すると雲の上に広い野原があって、一軒の大きな家が建っていました。
「ありゃ、ウナギを追いかけているうちに、天の国に来てしまった」
おじいさんが家の中をのぞいてみると、中から鬼が出て来ました。
「お前、ここへ何しに来た!」
「へい、実は・・・」
おじいさんは、ウナギを追いかけてここまで来た事を話しました。
すると鬼はにっこり笑って、おじいさんに言いました。
「なるほど、それはちょうどいいところへ来てくれた。実はここは人手不足でな、悪いが二、三日ここにいて、わしの仕事を手伝ってくれ」
「でっ、でも、わしは人を食うのは嫌じゃ」
「あはははは。心配するな。わしは鬼ではなくて、かみなりだ。これから娘を連れて、雨を降らしに行く。この時期は毎日夕立ちを降らさなくてはいかんので、いそがしくて困っていたんだ。さあ、さっそく出かけよう」
かみなりは七つのたいこをかつぐと、娘に火打ち石を、おじいさんには水の入ったかめを渡して雲の車に乗りました。

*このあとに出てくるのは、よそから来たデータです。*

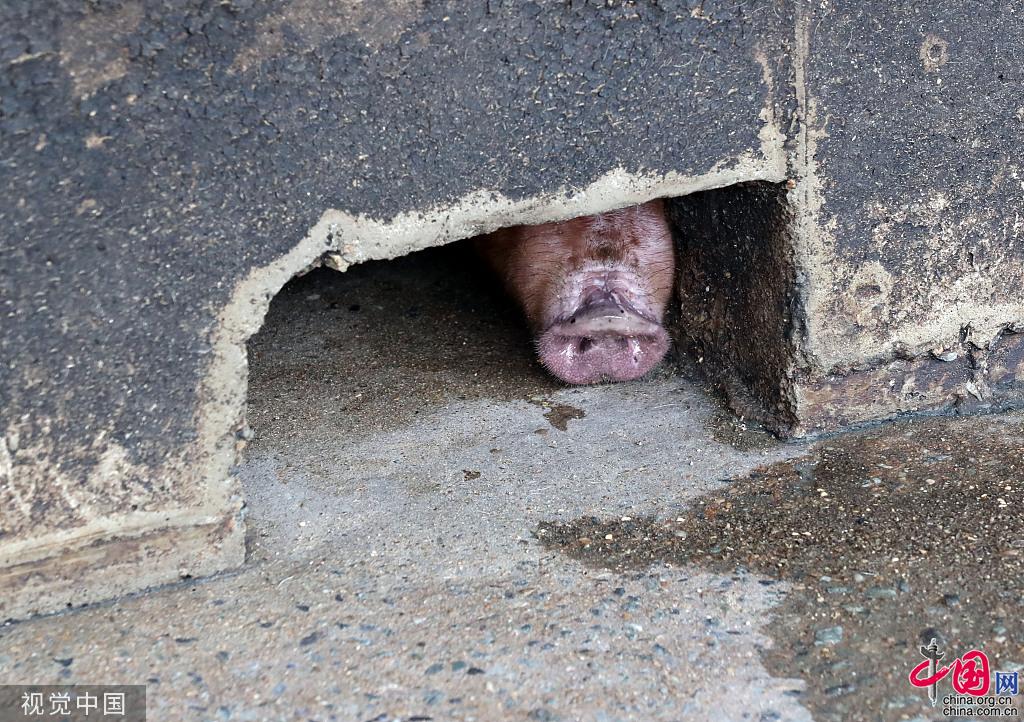 当地时间2019年9月17日,韩国仁川,当地对猪圈进行消毒。 图片作者:Yonhap News Agency/视觉中国

しばらく行くと、おじいさんの住んでいる村が見えてきました。
「今から夕立を降らせるのは、この村だ。娘が火打ち石を打ち、わしがたいこをたたくから、お前はそのかめの水をちょっぴり地上へまいてくれ」
かみなりが言うと、娘がさっそく火打ち石を打ちました。
すると稲妻が、ピカッと光りました。
次にかみなりが、たいこを叩きました。
するとゴロゴロゴロゴロと、ものすごい音がひびきわたりました。
「さあ、じいさんの番だ」
「よしきた」
おじいさんはかめの水を手ですくって、地上にぱっと投げました。
それはわずかな水でしたが、水は途中でどんどん増えていき、たちまち滝の雨になって地上に降りそそぎました。
「ほう、こりゃあおもしろい」
おじいさんは調子にのって、どんどん水をまきました。
ひょいと下を見ると、近所のおかみさんたちが大あわてで洗濯物を取り入れています。
道を歩いていた人も、あわてて家の軒下にもぐります。
「さて、ばあさんはどうしているかな?」
自分の家に目をやると、おばあさんはむしろに干した豆を急いでしまっているところでした。
「し、しまった。ほれほればあさん、早く豆をしまわないと豆がだめになってしまうぞ!」
おじいさんは、思わず大声でどなりました。
「ほれ、何をぐずぐずしている。早く早く、・・・あっ、転びおった」
おばあさんが転んで、むしろから豆が飛び散りました。
「だからいつも、ちゃんと前を見ろと言っているだろう。ほれほれ、はやく豆をひろって!」
おじいさんが大声でわめいていると、誰かに頭をたたかれました。
ペシン!
「あれ? ここはどこだ?」
なんと目の前には、おばあさんがこわい顔で立っていたのです。
「おじいさん、何をねぼけているんですか! まったく、いい年してみっともない!」
「へっ? ・・・今のは夢か」
昼寝をしていたおじいさんがあわてて飛び起きると、何とまわりはおしっこだらけです。
「し、しまった。雨ではなくて、しょうべんを降らせていたのか」
おねしょをしてしまったおじいさんは、恥ずかしそうに頭をかきました。